Other Notable Effects of Insulin In addition to insulin's effect on entry of glucose into cells, it also stimulates the uptake of amino acids, again contributing to its overall anabolic effect. When insulin levels are low, as in the fasting state, the balance is pushed toward intracellular protein degradation. Insulin also increases the permiability of many cells to potassium, magnesium and phosphate ions. The effect on potassium is clinically important. Insulin activates sodium- potassium ATPases in many cells, causing a flux of potassium into cells. Under certain circumstances, injection of insulin can kill patients because of its ability to acutely suppress plasma potassium concentrations.

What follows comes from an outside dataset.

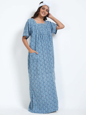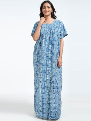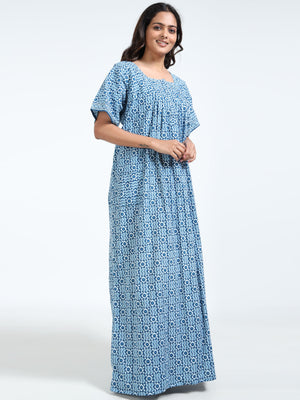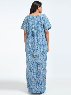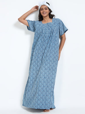 A breezy, ankle-length nighty in soothing blue with an all-over geometric print. Designed with a square notch neckline and contrast border at the yoke and sleeve cuffs. Soft, breathable cotton keeps you cool; gentle front pleats add extra ease. Finished with short sleeves, a relaxed straight fit, and a handy side pocket for everyday comfort. Ideal for lounge or bedtime wear.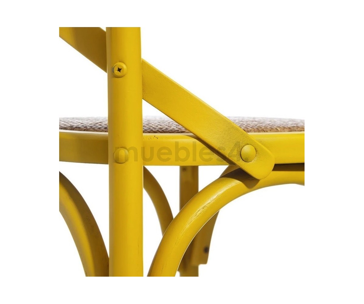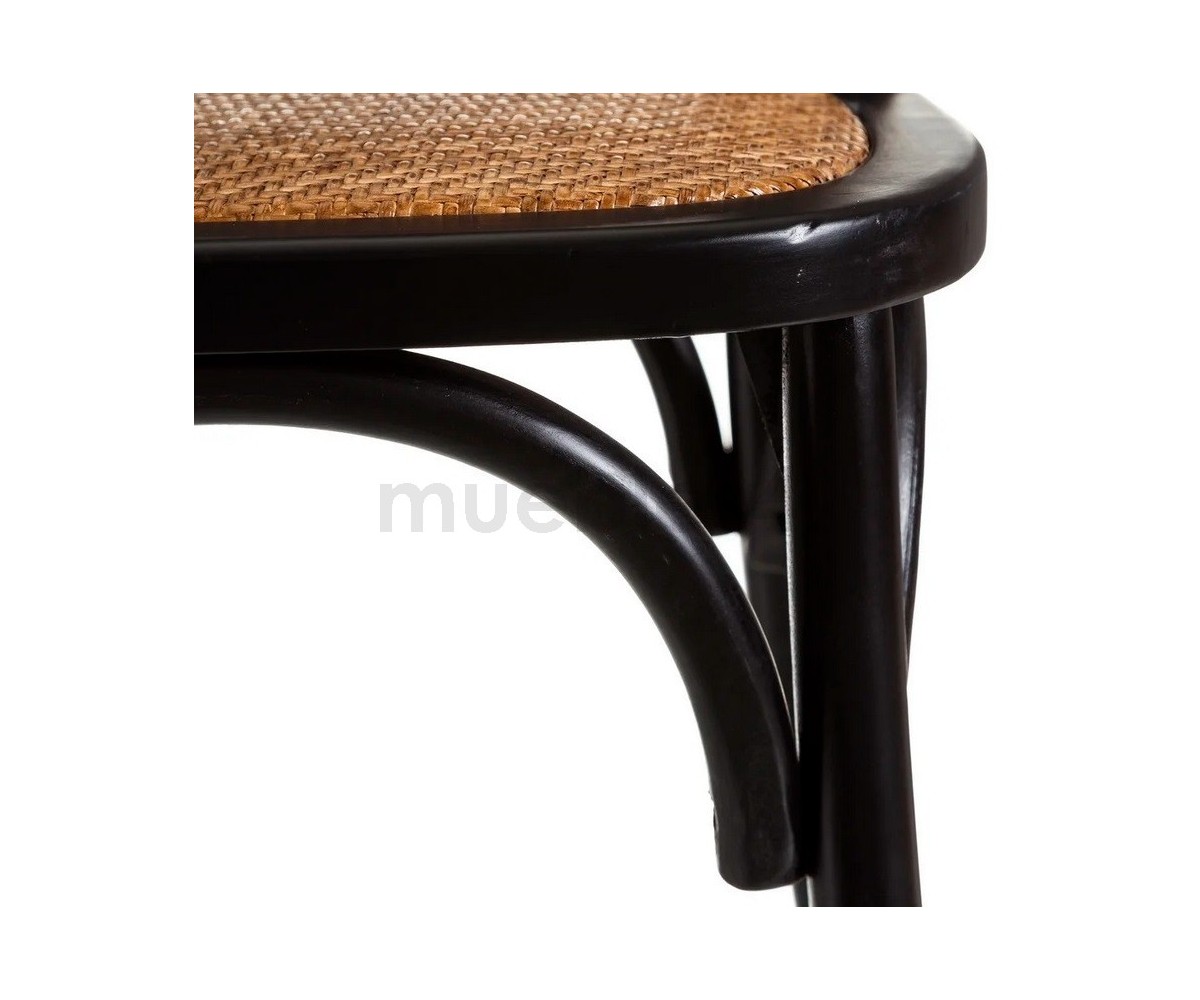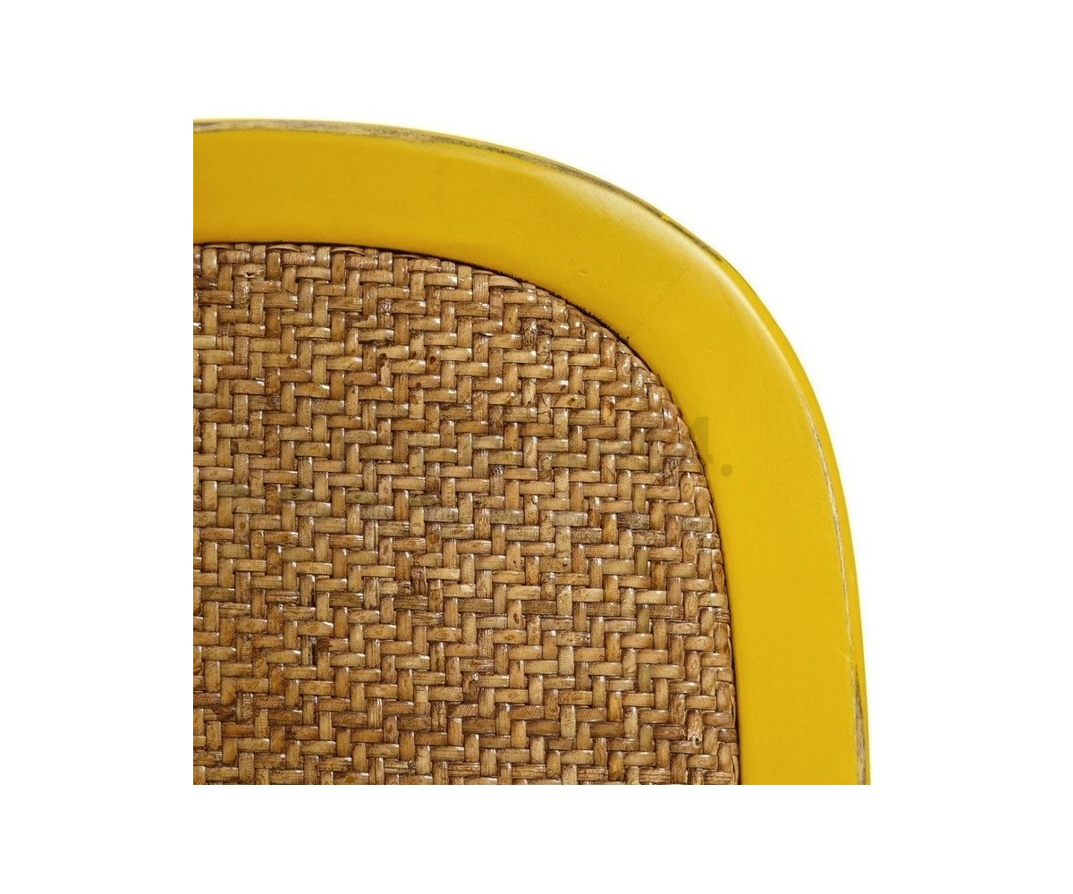 Silla inspirada en un diseño de Michael Thonet. Estructura fabricada en madera natual de olmo macizo, terminación TRIPLE lacado color negro, crema y amarillo. Asiento en rattán acolchado. Réplica exacta con materiales originales de máxima calidad.

Glucagon Glucagon has a major role in maintaining normal concentrations of glucose in blood, and is often described as having the opposite effect of insulin. That is, glucagon has the effect of increasing blood glucose levels. Glucagon is synthesized as proglucagon and proteolytically processed to yield glucagon within alpha cells of the pancreatic islets. Glucagon stimulates breakdown of glycogen stored in the liver. When blood glucose levels are high, large amounts of glucose are taken up by the liver. Under the influence of insulin, much of this glucose is stored in the form of glycogen. Later, when blood glucose levels begin to fall, glucagon is secreted and acts on hepatocytes to activate the enzymes that depolymerize glycogen and release glucose. Glucagon activates hepatic gluconeogenesis. Gluconeogenesis is the pathway by which non-hexose substrates such as amino acids are converted to glucose. As such, it provides another source of glucose for blood. This is especially important in animals like cats and sheep that don't absorb much if any glucose from the intestine - in these species, activation of gluconeogenic enzymes is the chief mechanism by which glucagon does its job. Glucagon also appears to have a minor effect of enhancing lipolysis of triglyceride in adipose tissue, which could be viewed as an addition means of conserving blood glucose by providing fatty acid fuel to most cells.

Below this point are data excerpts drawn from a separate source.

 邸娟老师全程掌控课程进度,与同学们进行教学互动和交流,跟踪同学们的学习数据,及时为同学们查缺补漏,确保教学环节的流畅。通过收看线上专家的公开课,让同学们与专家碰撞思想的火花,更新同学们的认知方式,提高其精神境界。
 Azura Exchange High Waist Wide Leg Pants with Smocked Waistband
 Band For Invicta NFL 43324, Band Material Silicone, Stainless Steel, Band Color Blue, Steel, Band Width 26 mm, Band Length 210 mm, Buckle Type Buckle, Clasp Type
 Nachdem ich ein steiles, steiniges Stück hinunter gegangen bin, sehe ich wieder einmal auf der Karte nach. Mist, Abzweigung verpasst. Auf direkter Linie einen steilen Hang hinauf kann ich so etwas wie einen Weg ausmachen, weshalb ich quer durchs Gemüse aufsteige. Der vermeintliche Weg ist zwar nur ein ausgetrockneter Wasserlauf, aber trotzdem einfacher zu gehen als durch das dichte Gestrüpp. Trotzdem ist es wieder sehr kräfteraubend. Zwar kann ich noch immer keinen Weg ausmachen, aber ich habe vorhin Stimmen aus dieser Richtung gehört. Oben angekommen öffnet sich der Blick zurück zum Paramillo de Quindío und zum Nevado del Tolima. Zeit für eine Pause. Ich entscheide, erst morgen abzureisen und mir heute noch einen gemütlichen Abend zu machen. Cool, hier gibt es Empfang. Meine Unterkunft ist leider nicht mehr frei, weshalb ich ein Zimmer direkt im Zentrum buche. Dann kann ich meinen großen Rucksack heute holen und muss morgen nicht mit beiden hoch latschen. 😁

Endocrine Control of Calcium and Phosphate Homeostasis Calcitonin, a protein hormone synthesized and secreted in humans primarily by parafollicular cells (C cells) in the thyroid gland. The overall effect of calcitonin is to lower the concentration of calcium in the blood when it rises above the normal value. It also lowers the concentration of phosphorus in the blood when levels exceed normal. Parathormone: The parathyroid glands secrete a hormone called parathormone (PTH), which is a polypeptide. PTH, regulates calcium metabolism in conjunction with calcitonin. In general, the action of parathormone is opposite in direction to that of calcitonin. Parathormone keeps the level of blood calcium up to its normal value; on the other hand, calcitonin ensures, through its hypocalcemic action, that the level does not rise far above this critical point. The combined actions of the two hormones serve to illustrate the importance of endocrine regulation in homeostasis.

Vitamin D Vitamin D acts to increase blood concentrations of calcium. It is generated through the activity of parathyroid hormone within the kidney. Far and away the most important effect of vitamin D is to facilitate absorption of calcium from the small intestine. In concert with parathyroid hormone, vitamin D also enhances fluxes of calcium out of bone.